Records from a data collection

════

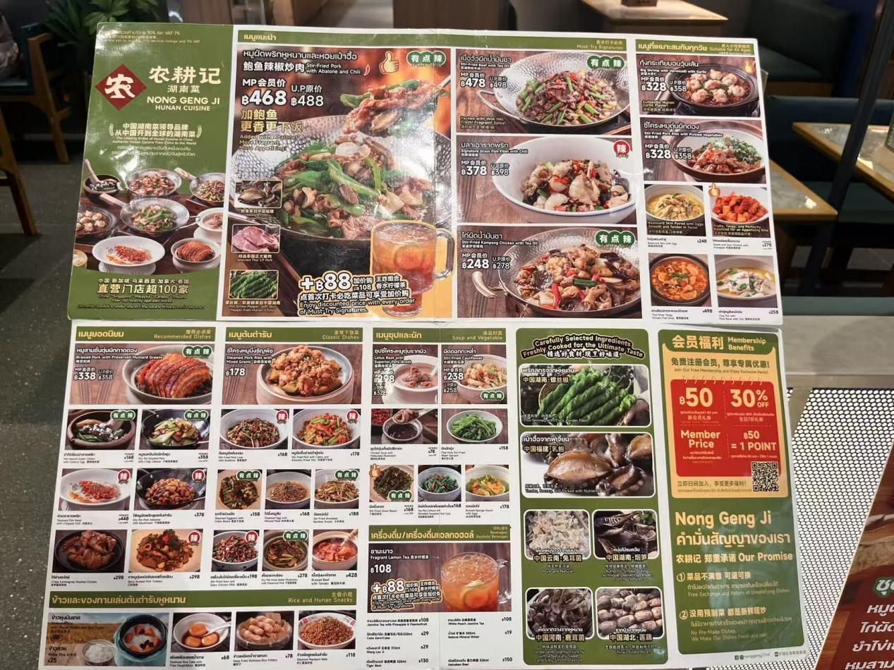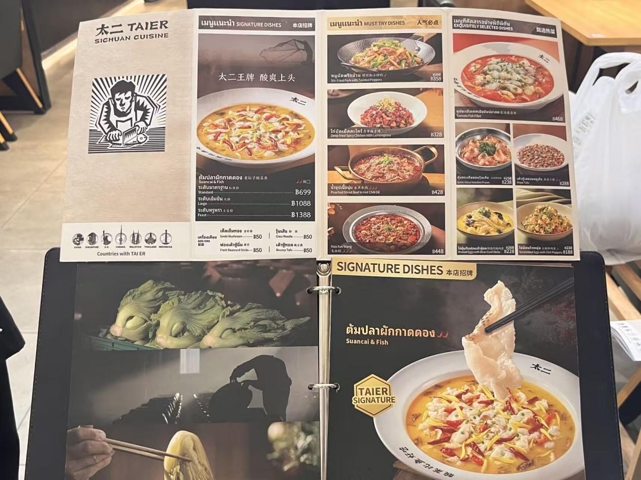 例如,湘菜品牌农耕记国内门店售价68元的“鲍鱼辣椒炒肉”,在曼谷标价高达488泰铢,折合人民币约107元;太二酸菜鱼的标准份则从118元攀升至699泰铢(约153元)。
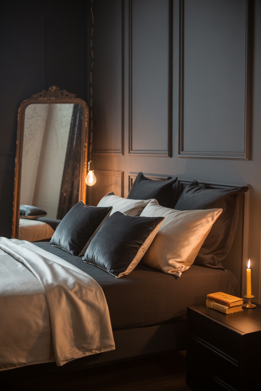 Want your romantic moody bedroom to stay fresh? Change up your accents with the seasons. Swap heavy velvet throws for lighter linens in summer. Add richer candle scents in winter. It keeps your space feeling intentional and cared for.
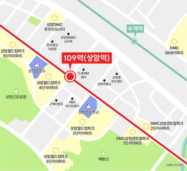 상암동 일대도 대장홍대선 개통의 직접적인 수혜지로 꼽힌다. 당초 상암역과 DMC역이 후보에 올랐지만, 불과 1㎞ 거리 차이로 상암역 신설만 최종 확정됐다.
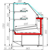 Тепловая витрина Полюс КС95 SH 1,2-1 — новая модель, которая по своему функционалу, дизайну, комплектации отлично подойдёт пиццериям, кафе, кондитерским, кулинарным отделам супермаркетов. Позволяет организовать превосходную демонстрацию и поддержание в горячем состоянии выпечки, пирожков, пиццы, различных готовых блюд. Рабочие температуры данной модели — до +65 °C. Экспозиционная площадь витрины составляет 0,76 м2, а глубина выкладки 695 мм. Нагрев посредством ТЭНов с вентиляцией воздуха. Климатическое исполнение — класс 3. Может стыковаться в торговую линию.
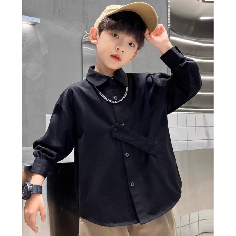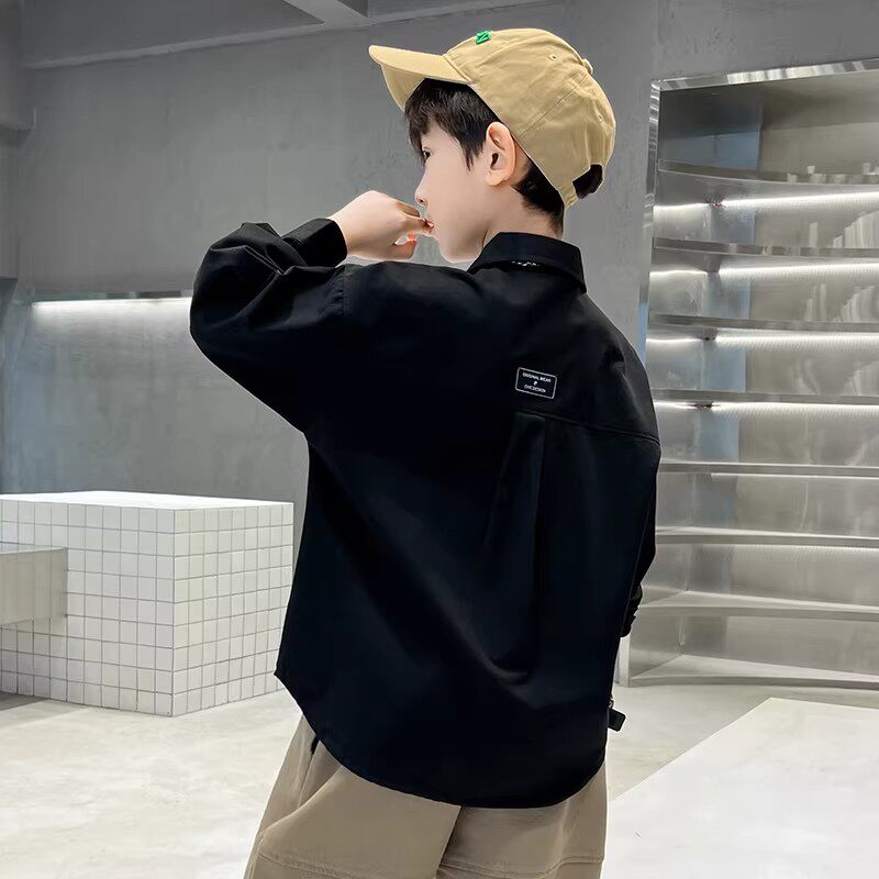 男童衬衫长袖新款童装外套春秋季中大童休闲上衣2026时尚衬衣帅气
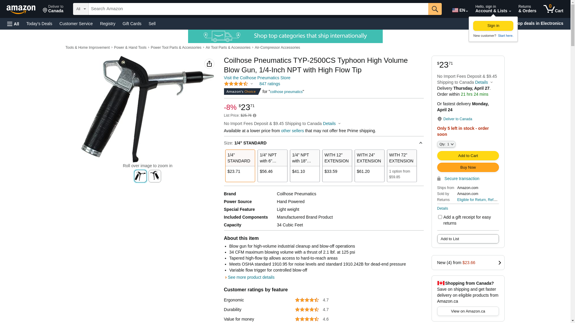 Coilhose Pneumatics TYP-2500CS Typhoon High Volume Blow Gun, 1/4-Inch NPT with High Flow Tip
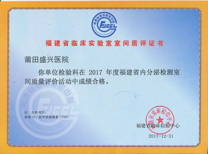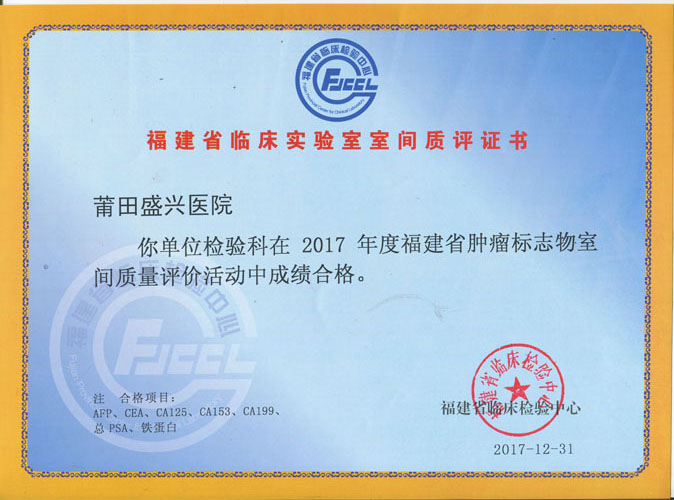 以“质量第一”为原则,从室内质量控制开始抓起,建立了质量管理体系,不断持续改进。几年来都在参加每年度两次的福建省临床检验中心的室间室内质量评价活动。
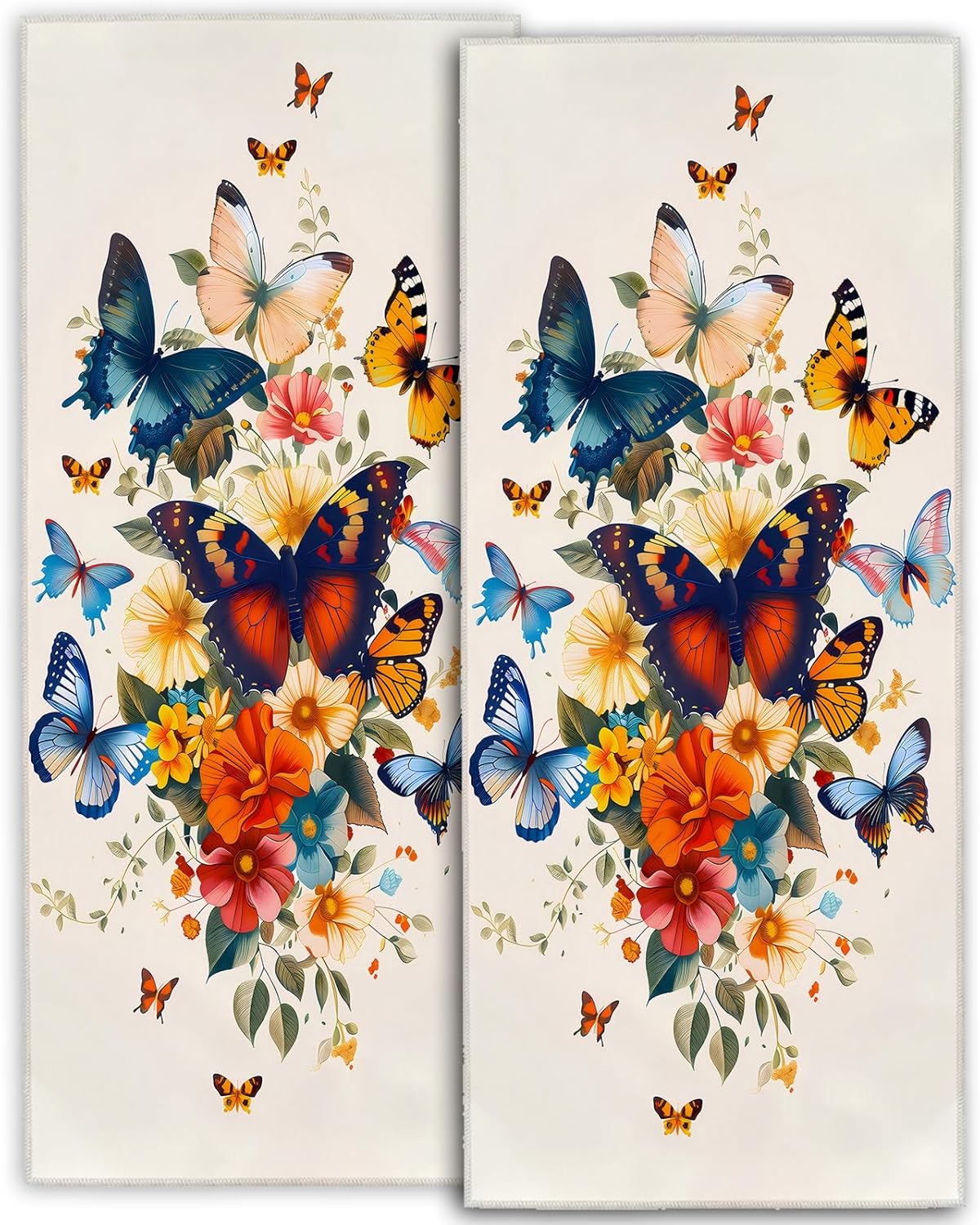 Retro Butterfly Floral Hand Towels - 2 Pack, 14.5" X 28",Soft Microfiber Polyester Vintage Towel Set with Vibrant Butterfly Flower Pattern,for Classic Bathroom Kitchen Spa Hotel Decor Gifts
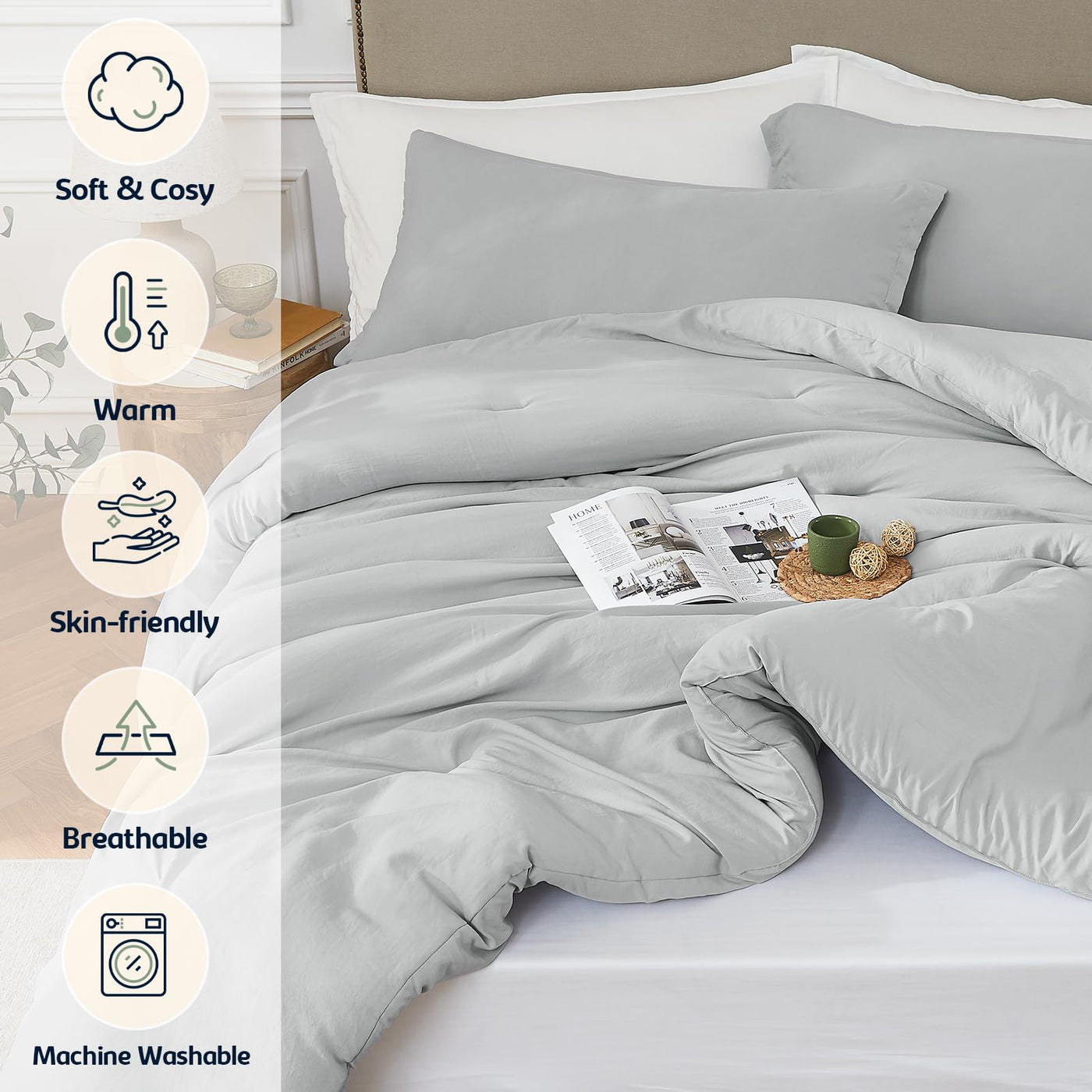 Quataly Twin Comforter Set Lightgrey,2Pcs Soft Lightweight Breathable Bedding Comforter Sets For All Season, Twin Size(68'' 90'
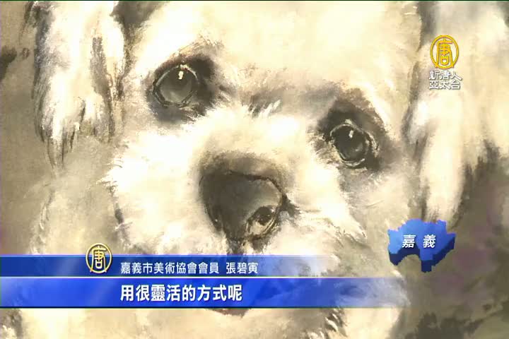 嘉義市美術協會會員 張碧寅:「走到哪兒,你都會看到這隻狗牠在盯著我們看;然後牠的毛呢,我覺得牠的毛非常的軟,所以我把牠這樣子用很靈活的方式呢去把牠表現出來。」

════

> [Task statement]: A verbatim copy of every record above is required, with all pictures omitted.

> [Your solution]:
 例如,湘菜品牌农耕记国内门店售价68元的“鲍鱼辣椒炒肉”,在曼谷标价高达488泰铢,折合人民币约107元;太二酸菜鱼的标准份则从118元攀升至699泰铢(约153元)。
 Want your romantic moody bedroom to stay fresh? Change up your accents with the seasons. Swap heavy velvet throws for lighter linens in summer. Add richer candle scents in winter. It keeps your space feeling intentional and cared for.
 상암동 일대도 대장홍대선 개통의 직접적인 수혜지로 꼽힌다. 당초 상암역과 DMC역이 후보에 올랐지만, 불과 1㎞ 거리 차이로 상암역 신설만 최종 확정됐다.
 Тепловая витрина Полюс КС95 SH 1,2-1 — новая модель, которая по своему функционалу, дизайну, комплектации отлично подойдёт пиццериям, кафе, кондитерским, кулинарным отделам супермаркетов. Позволяет организовать превосходную демонстрацию и поддержание в горячем состоянии выпечки, пирожков, пиццы, различных готовых блюд. Рабочие температуры данной модели — до +65 °C. Экспозиционная площадь витрины составляет 0,76 м2, а глубина выкладки 695 мм. Нагрев посредством ТЭНов с вентиляцией воздуха. Климатическое исполнение — класс 3. Может стыковаться в торговую линию.
 男童衬衫长袖新款童装外套春秋季中大童休闲上衣2026时尚衬衣帅气
 Coilhose Pneumatics TYP-2500CS Typhoon High Volume Blow Gun, 1/4-Inch NPT with High Flow Tip
 以“质量第一”为原则,从室内质量控制开始抓起,建立了质量管理体系,不断持续改进。几年来都在参加每年度两次的福建省临床检验中心的室间室内质量评价活动。
 Retro Butterfly Floral Hand Towels - 2 Pack, 14.5" X 28",Soft Microfiber Polyester Vintage Towel Set with Vibrant Butterfly Flower Pattern,for Classic Bathroom Kitchen Spa Hotel Decor Gifts
 Quataly Twin Comforter Set Lightgrey,2Pcs Soft Lightweight Breathable Bedding Comforter Sets For All Season, Twin Size(68'' 90'
 嘉義市美術協會會員 張碧寅:「走到哪兒,你都會看到這隻狗牠在盯著我們看;然後牠的毛呢,我覺得牠的毛非常的軟,所以我把牠這樣子用很靈活的方式呢去把牠表現出來。」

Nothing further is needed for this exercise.